DPDK patches and discussions
 help / color / mirror / Atom feed
From: Tudor Cornea <tudor.cornea@gmail.com>
To: ferruh.yigit@intel.com
Cc: padraig.j.connolly@intel.com, thomas@monjalon.net,
	stephen@networkplumber.org, helin.zhang@intel.com, dev@dpdk.org,
	Tudor Cornea <tudor.cornea@gmail.com>,
	Padraig Connolly <Padraig.J.Connolly@intel.com>
Subject: [PATCH v6] kni: allow configuring the kni thread granularity
Date: Thu, 20 Jan 2022 14:41:34 +0200
Message-ID: <20220120124134.4123542-1-tudor.cornea@gmail.com> (raw)
In-Reply-To: <1642173499-59396-1-git-send-email-tudor.cornea@gmail.com>

The Kni kthreads seem to be re-scheduled at a granularity of roughly
1 millisecond right now, which seems to be insufficient for performing
tests involving a lot of control plane traffic.

Even if KNI_KTHREAD_RESCHEDULE_INTERVAL is set to 5 microseconds, it
seems that the existing code cannot reschedule at the desired granularily,
due to precision constraints of schedule_timeout_interruptible().

In our use case, we leverage the Linux Kernel for control plane, and
it is not uncommon to have 60K - 100K pps for some signaling protocols.

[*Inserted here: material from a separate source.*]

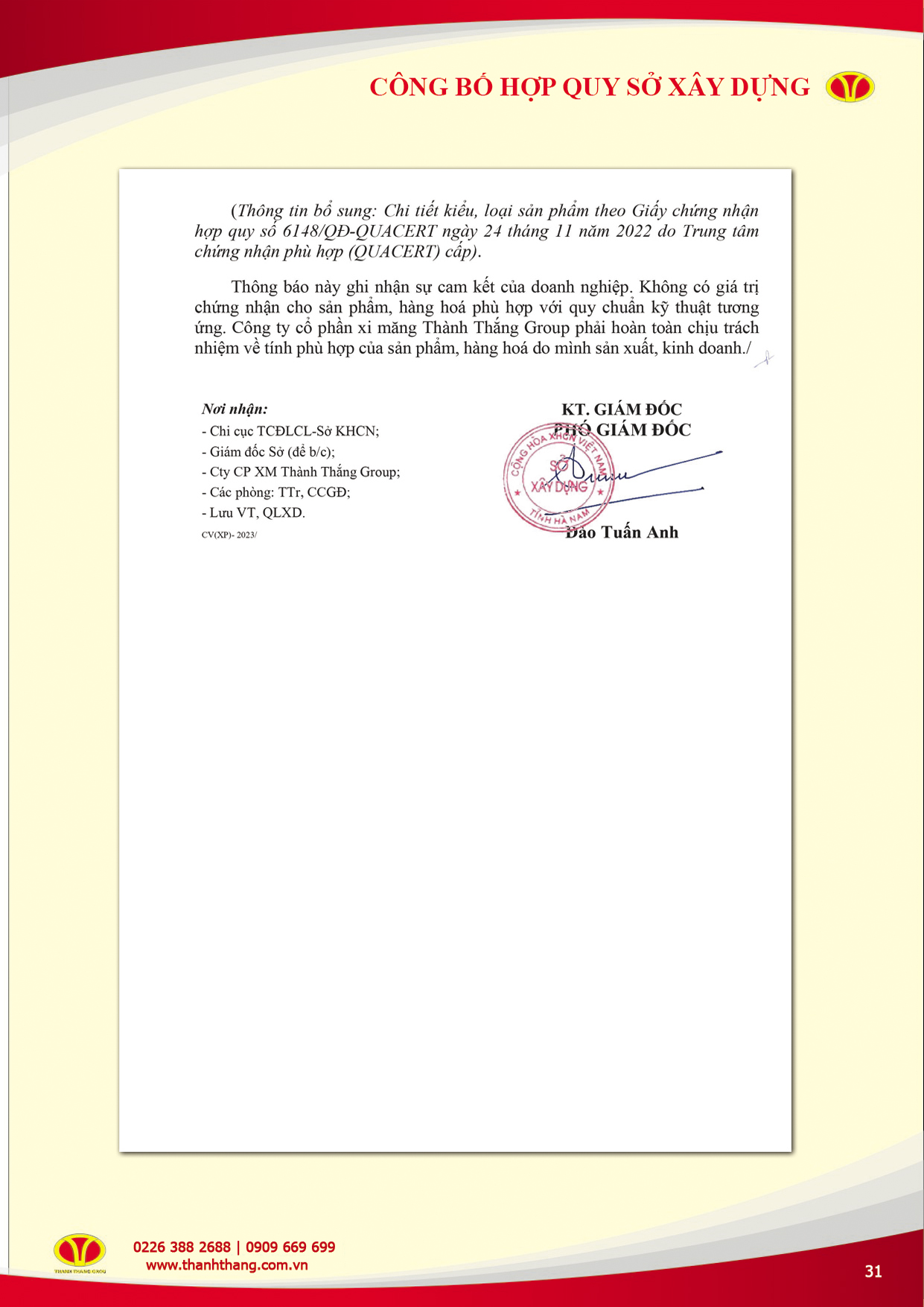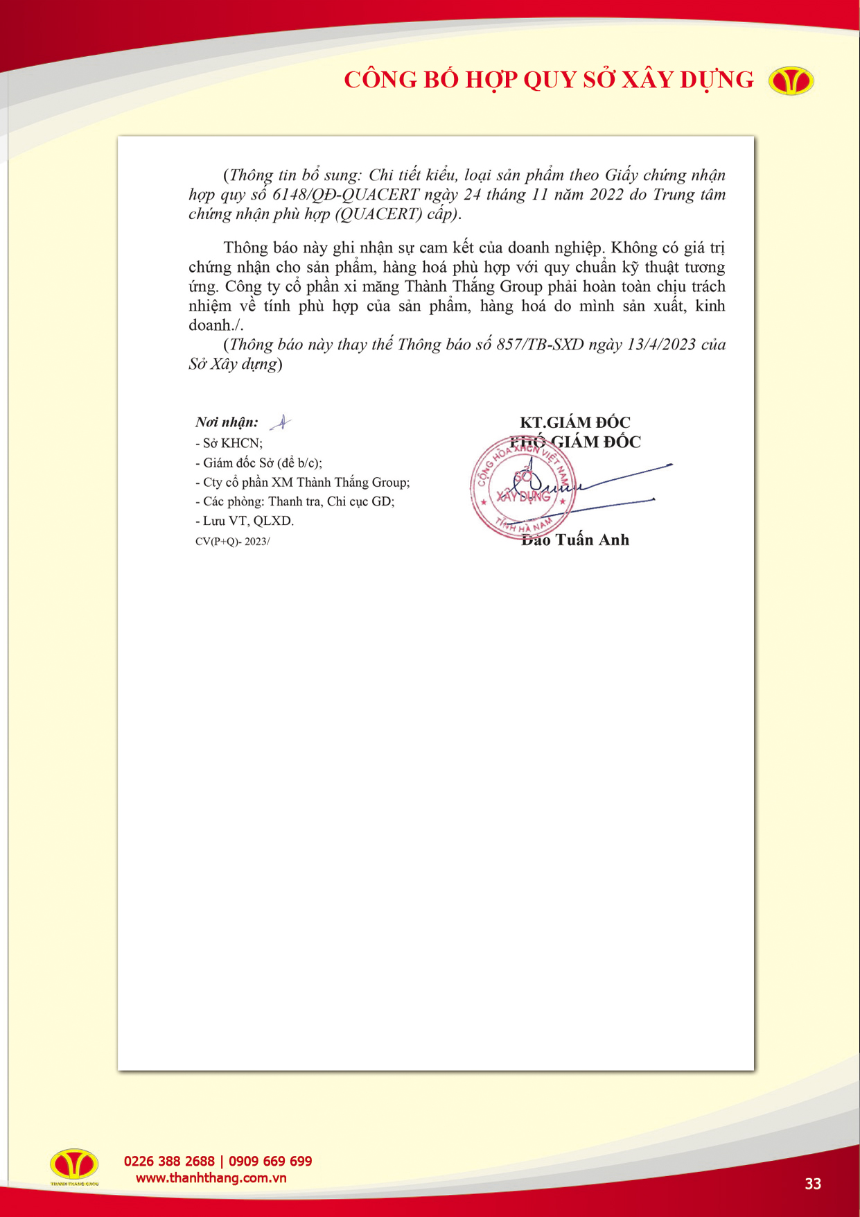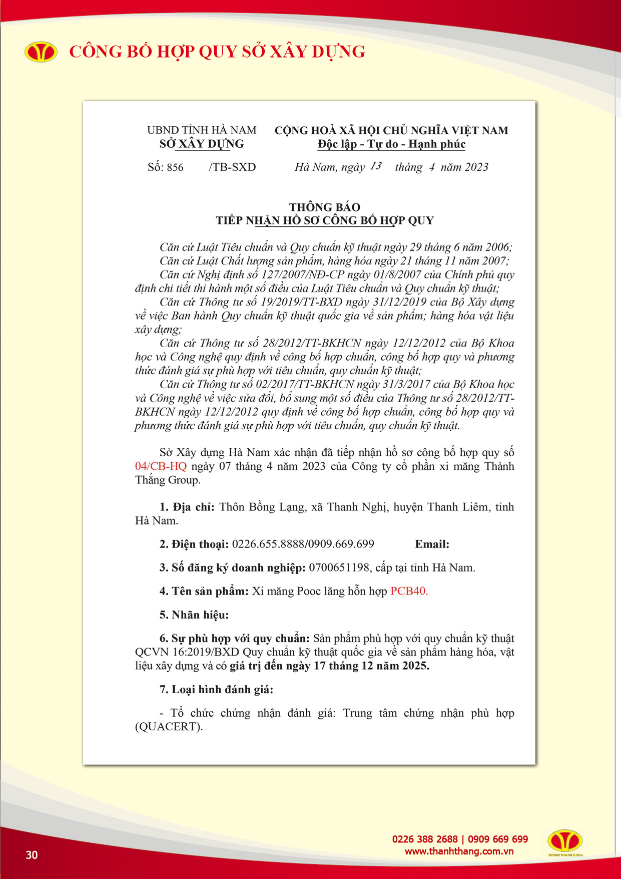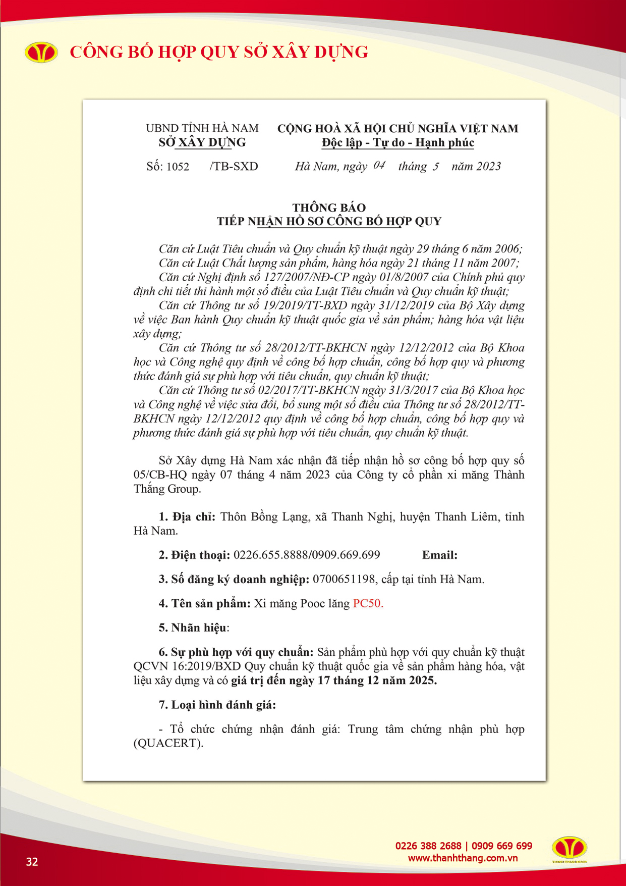 Thông báo tiếp nhận hợp quy Sở Xây Dựng Posted on 19 Tháng mười một, 20237 Tháng 12, 2023 by bangit Giấy chứng nhận ISO Các kết quả thử nghiệm

Since we are not in atomic context, the usleep_range() function seems to be
more appropriate for being able to introduce smaller controlled delays,
in the range of 5-10 microseconds. Upon reading the existing code, it would
seem that this was the original intent. Adding sub-millisecond delays,
seems unfeasible with a call to schedule_timeout_interruptible().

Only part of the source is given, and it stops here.